Vingt-cinq minutes, hier matin, devant un parterre d’applaudisseurs sur les affaires africaines de gouvernance, selon le président de l’ordre mondial, G8 et G20, Nicolas Sarkozy, ont accouché d’une souris! La participation de certains grands médias à la culture de la « démocratie » devient obsédante, massive, anxiogène.
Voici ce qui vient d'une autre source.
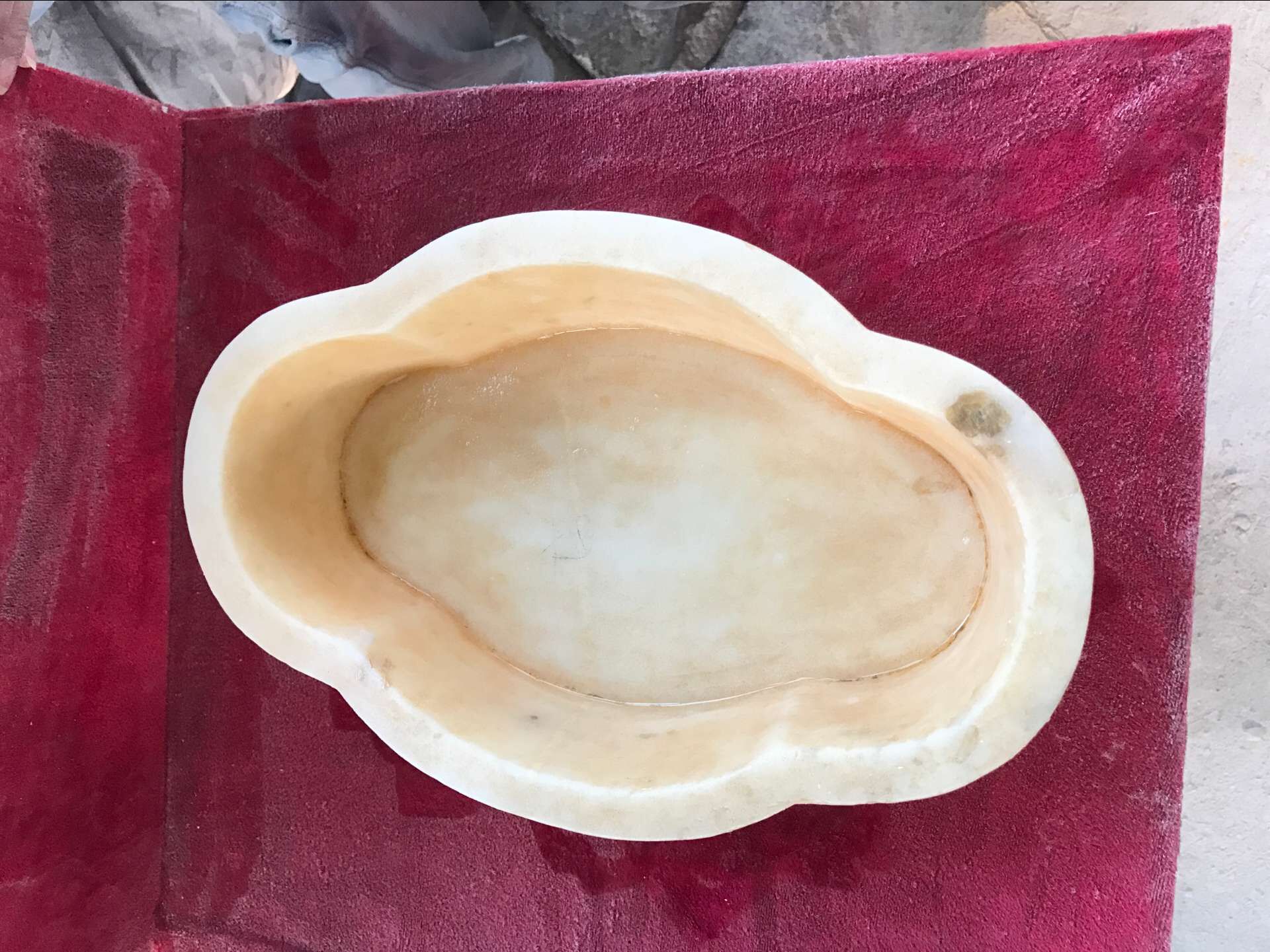 Boutique Green Stone Imitation Ancient Small Stone Basin Han White Jade Stone Carved Bonsai Basin Han Style Engraving Art Pendulum Flower Pot water fairy basin

Toujours la même vision condescendante sur l’Afrique et ses peuples. Tous ou presque se taisent, sur les dénis de démocratie et l’ingérence de la France dans la souveraineté des Etats en Afrique, et surtout le droit des peuples à s’autodéterminer.
 On comprend les affres des autorités publiques françaises en Afrique, car la plupart des médias sont détenus par ces faiseurs de rois. On peut se taire quand, Sarkozy soutient des autocrates, déroule le tapis de l’Elysée aux plus grandes sanguinaires de l’histoire des peuples. Personne ne dénonce ou ne s’interroge, sur le soutien de Sarkozy aux candidats aux élections, la réception d’Ali Bongo entre les deux tours de l’élection ; la réception d’Alassane Ouattara entre les deux tours de l’élection, par un suppôt de Sarkozy en la personne de Wade.
 Cependant, si désormais tout risque, toute menace qui se profile à l'horizon, toute agitation populaire signalée sur un coin de notre terre doit justifier la mobilisation générale et l'alarme des peuples il va falloir s'armer contre l'anxiété perpétuelle. Parce que ce sont les puissances occidentales qui ont suscité ce malaise. Nous n'en sommes pas encore à la panique générale mais à tant vouloir nous rassurer, bien entendu, on nous inquiète... Nous sommes passés de la culture du fatalisme à celle du questionnement, de la confiance à la méfiance, de l'acceptation à la parano. Tunisie, Egypte, Côte-d’Ivoire les leçons sont tirées. Ce que révèle cette parade nerveuse face à un danger non encore avéré c'est à la fois le sens de la responsabilité et la précaution contre une accusation future de responsabilité de l’Occident. Gouverner, naguère, c'était vendre un rêve et de meilleures perspectives, désormais, gouverner serait-ce prévoir l’Armageddon?